Заинтересованный взгляд Блюма осторожно облетел ладную фигурку девушки, ее правильный, несколько строгий, но вместе с тем одухотворенный профиль.

— В Берлине все меньше женщин, — сказал Блюм. — Что вас удерживает здесь?

— Работа.

— Где же, если не секрет?

— Как ни странно, в Службе народного благополучия. Хотя всегда хотела танцевать в балете.

— О, вы балерина?

— Была какое-то время. Теперь даже уже не верится.

— Знаете, я всегда любил балет. Но в основном слушал его по радио.

— Чтобы любить балет по радио, надо обладать очень богатой фантазией, — улыбнулась девушка. — Я участвовала в постановках выразительного танца, но не была примой.

— Выразительный танец.
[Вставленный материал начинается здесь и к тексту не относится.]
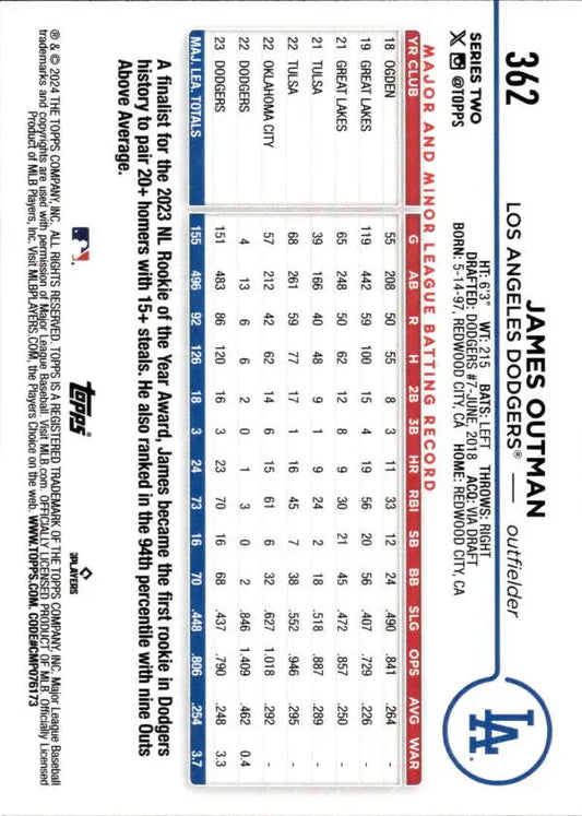 2024 Topps #362 James Outman NM-MT Los Angeles Dodgers Baseball Card

Не знаю, что это такое.

— Увы, кажется, я уже тоже. Сейчас не до развлечений.

— Наверное, можно танцевать в кино.

— Что я и делаю, когда смотрю фильмы с Марикой Рёкк, — усмехнулась она.
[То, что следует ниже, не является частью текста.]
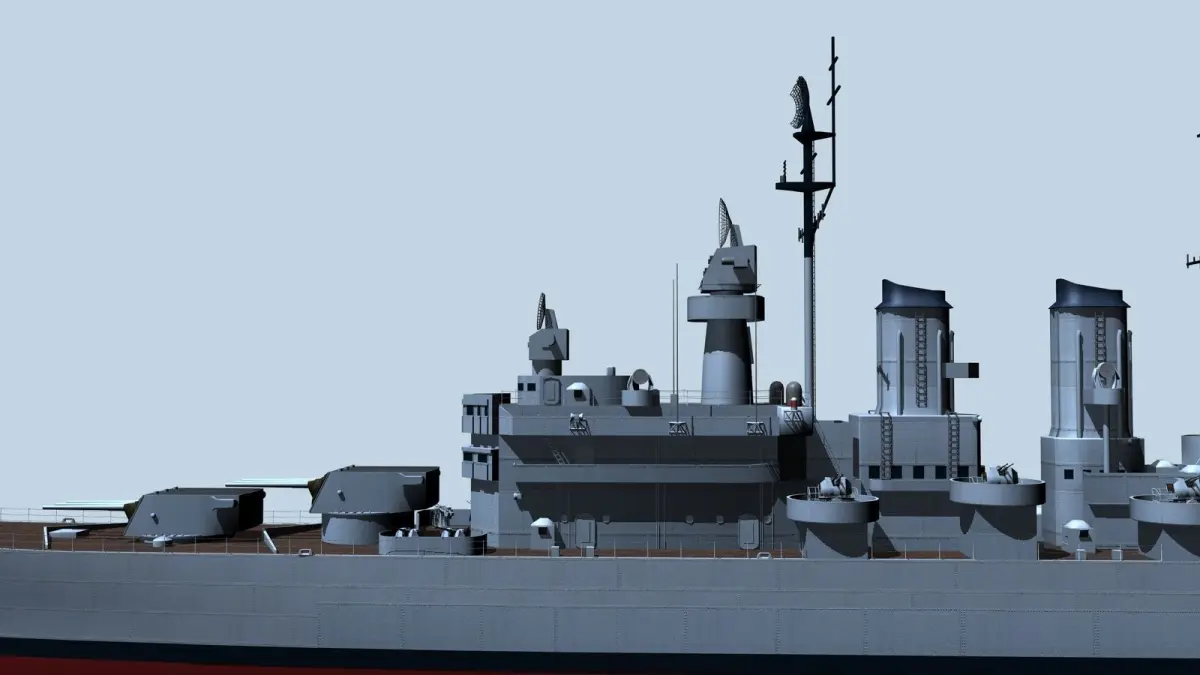 This model is based on the late 1940's US Navy Light Cruisers design, however does not represent any real ship in particular, some details are a mix from various ships of the same type. Includes Sky and Ocean, Takes me 2 sec. to render, medium/low poly model. V3 model dimentions: Legth: 194 meters long (636.5 feet) With: 17 meters wide ( 55.7 feet)

— Не сочтите за лесть, но Марика Рёкк вам в подметки не годится. Не знаю, как вы танцуете, но выглядите куда стройней и привлекательнее. Против вас Марика Рёкк просто манерная кукла.

— Вы вгоняете меня в краску. Вон, смотрите, у Томми даже нос покраснел.
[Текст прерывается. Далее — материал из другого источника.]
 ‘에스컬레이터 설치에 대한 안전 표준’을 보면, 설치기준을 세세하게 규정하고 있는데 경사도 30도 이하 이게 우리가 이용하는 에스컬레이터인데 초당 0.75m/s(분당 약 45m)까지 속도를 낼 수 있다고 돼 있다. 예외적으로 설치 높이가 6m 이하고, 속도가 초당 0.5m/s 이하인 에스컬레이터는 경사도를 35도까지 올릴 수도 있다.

— Что вы, что вы, это мне впору краснеть. Мы тут одичали в нашей деревне, отвыкли от красивых фройляйн. Остались одни старухи. Как вас зовут, простите?

— Эрна.

— Эрна, — повторил он, словно пробуя имя на вкус.

— Да, Эрна. А вас?

— А я Оскар.

— Вы служите, Оскар?

— Да, работаю... в одном институте, связанном. с электричеством.

— Которого я была лишена?

— Уж простите. Бомбежки. Если бы я знал, зубами соединил бы контакты.

На виллу фон Арденне в Целендорфе съехались очень разные люди. Прибыл Шпеер, рейхсминистр вооружения и боеприпасов. Он скептически относился к работе физиков по созданию чудо-оружия, уверенный в том, что, в условиях прекратившихся поставок вольфрама из Португалии, урановое сырье следует направить на оснащение определенных видов боеприпасов. Шпеер заранее был настроен на противоречие, независимо от результата. Приехал фон Браун: именно его люди занимались разработкой сплава для центрифуги «бондур». На роскошном лимузине доставил себя в Целендорф генерал Крей-пе, представлявший верховное командование люфтваффе. В отличие от Шпеера, Крейпе готов был поддержать любой исход — оно и понятно: две недели назад Гитлер со скандалом отстранил от дел и едва не отдал под суд фельдмаршала Мильха, заместителя Геринга, за срыв производства реактивных бомбардировщиков. Разумеется, присутствовал и рейхсминистр почты Онезорге — все финансирование уранового проекта Арденне шло через его ведомство, в то время как по дипломатическим каналам была пропущена информация, что Гитлер посадил своих ядерных физиков на голодный паек. От Гейзенберга прислали Багге. Он скромно стоял в сторонке, не решаясь открыть рот и вообще как-либо обнаружить себя в присутствии столь высокопоставленных господ. С Гейзенбергом Арденне пребывал в состоянии тщательно завуалированного соперничества: оба относились друг к другу с холодным, вынужденным уважением, как два боксера, бьющие партнеров на разных рингах и не решающиеся на матч-реванш. Был среди наблюдателей и Шелленберг, который вел себя так, словно оказался на светском рауте, он непрерывно шутил, ругал англосаксов, перемещался от группы к группе, курил дорогие сигары.